By Rob Last edited 221 months ago
We'll Take Our Art Lying Down
Rist.jpg

Anyone who's ever tried to get round Tate Modern in a day with their visiting family in tow will know how stressful modern art can be. All that walking, the mental fatigue, the fights over the bench space... it's a jungle out there!

Thank the Lord then for Swiss artist Pipilotti Rist whose latest work actually requires the viewer to lie down on a bed to view it.

The work (entitled Löndön, so she's off to a good start) is a continuation of the Homo Sapiens Sapiens installation which Rist displayed at the Venice Biennale earlier this year. That film, projected on to a ceiling of the San Stae church, depicted "Two females, Peppermint and Amber, [who] are seen as the two Eves, surrounded by voluptuous nature – a playful reference to the erotically charged iconography of Italian church art."

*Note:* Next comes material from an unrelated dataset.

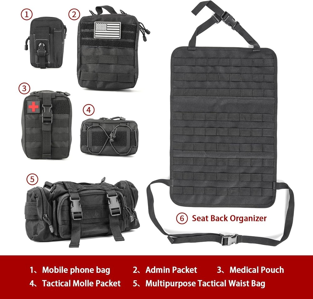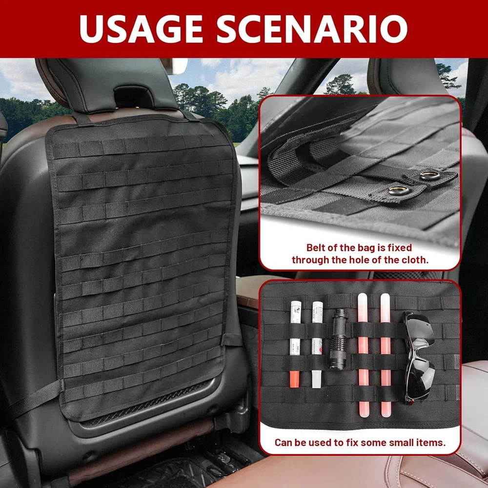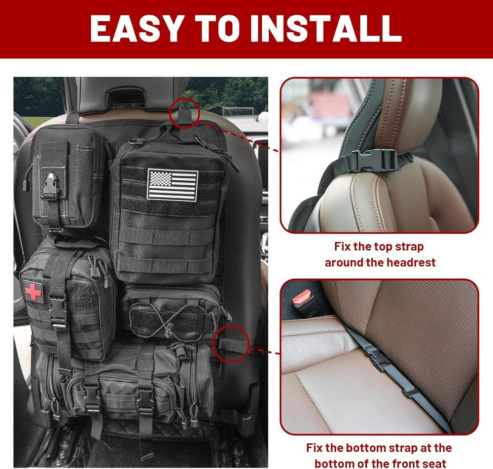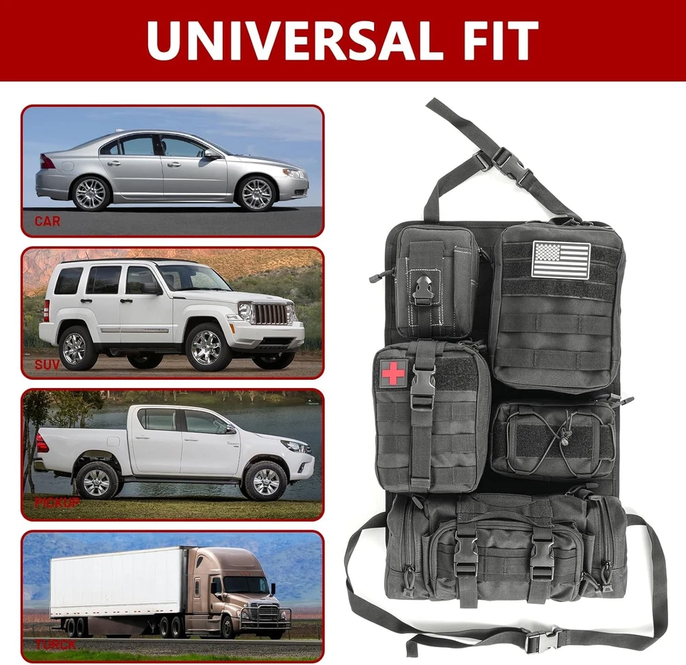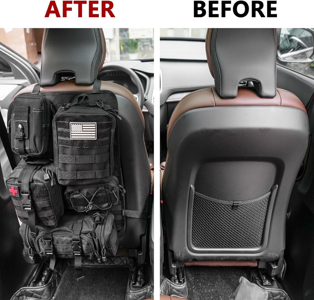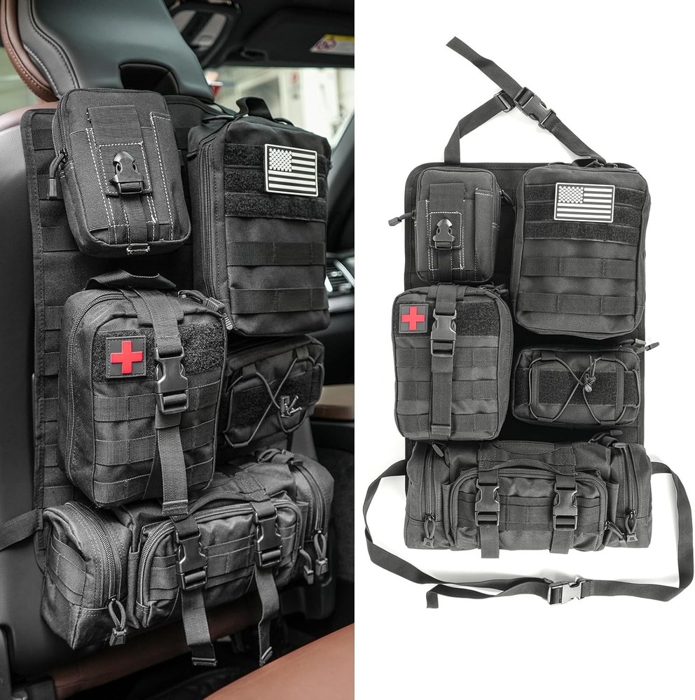 Z8 Tactical Car Seat Back Organizer with 5 Detachable Molle Pouches - Black/A Product Details Material: Fabric Color: Black/A Brand: Z8 Finish Type: Oil Rubbed Product Dimensions: 11.5"D x 8"W x 6.8"H Number of Compartments: 6 Number of Items: 1 Manufacturer: Z8 Item Weight: 2.88 pounds Country of Origin: China Item model number: 19931 Manufacturer Part Number: 19931 Material: Fabric Color: Black/A Brand: Z8 Finish Type: Oil Rubbed Product Dimensions: 11.5"D x 8"W x 6.8"H Number of Compartments: 6 Number of Items: 1 Manufacturer: Z8 ORGANIZER WITH 5 DETACHABLE MOLLE POUCHES - This tactical car seat back organizer features 5 types of pouches to efficiently store items of various sizes, including mobile phones, wallets, cards, maps, and more. Say goodbye to back seat clutter with this versatile storage solution. HIGH-QUALITY CONSTRUCTION - Made from durable nylon fabric, this tactical organizer is built to withstand wear and tear. It's tested for durability and water-resistance, providing long-lasting protection against scrapes and spills. EASY INSTALLATION AND VERSATILE USAGE - The tactical seat cover comes with an adjustable strap for easy installation around the car seat headrest and back. The adjustable belt can be disassembled and reinstalled if needed. Molle system pouches offer versatile attachment options, making it a great accessory kit for expanding storage space. MILITARY MOLLE SYSTEM - Design with 5 Molle bags on the back to help you store tactical gear & personal items and save space. Difference sizes of Molle bags help you classify your items so easily, so you can quickly find what you need. TACTICAL MUST HAVES - It is great tactical accessories and wonderful choice for men. Suitable for traveling, camping, office, storage of small tools.The molle tool pouch can be used as a vest pouch, pack pouch, tactical waist belt pouch, dump pouch, IFAK pouch, sub abdominal drop pouch, tool pouch etc according to your needs UNIVERSAL FIT FOR MOST VEHICLES - Fits a wide range of vehicles, including SUVs, trucks, MPVs, F150, JK, JL, and JLU models. It covers the back of front seats effectively and can be easily transferred between seats or vehicles. BEST SERVICE - Customer satisfaction is our top priority. If you have any questions, please feel free to contact us. We will solve your problems as soon as possible to ensure you the best shopping experience. 1

Opinion was divided over the piece. Howevr Rist obviously liked the format so much she's decided to bring a version of it to the Hauser & Wirth gallery, with the film acting as a continuation to the Venice show:

“My figure comes back from Eden into civilisation. She behaves similarly to the way she did in her ‘with-nature-melted-state’. While saddened by the changes in her environment, she nonetheless accepts them, being proud, hysterical and tender. It does not matter whether the performing figure is a woman or a man. My figures (always) stand as a symbol for the philosophical human being. For me the woman is the norm and the man is the exception. The figure-object has the same power as the camera-subject. The work deals with the basic wish to overcome gravity and to finally return ‘home’. It glorifies our weaknesses and shortcomings and gives us hope and tenderness. It deals with the questions of common ethics beyond and after religion.”

Did we mention there would be beds to lie on?

The Homo Sapien Sapiens exhibit runs until 17 December. Rist is giving a talk on her work tonight at the Tate Modern. Tickets are priced at £7.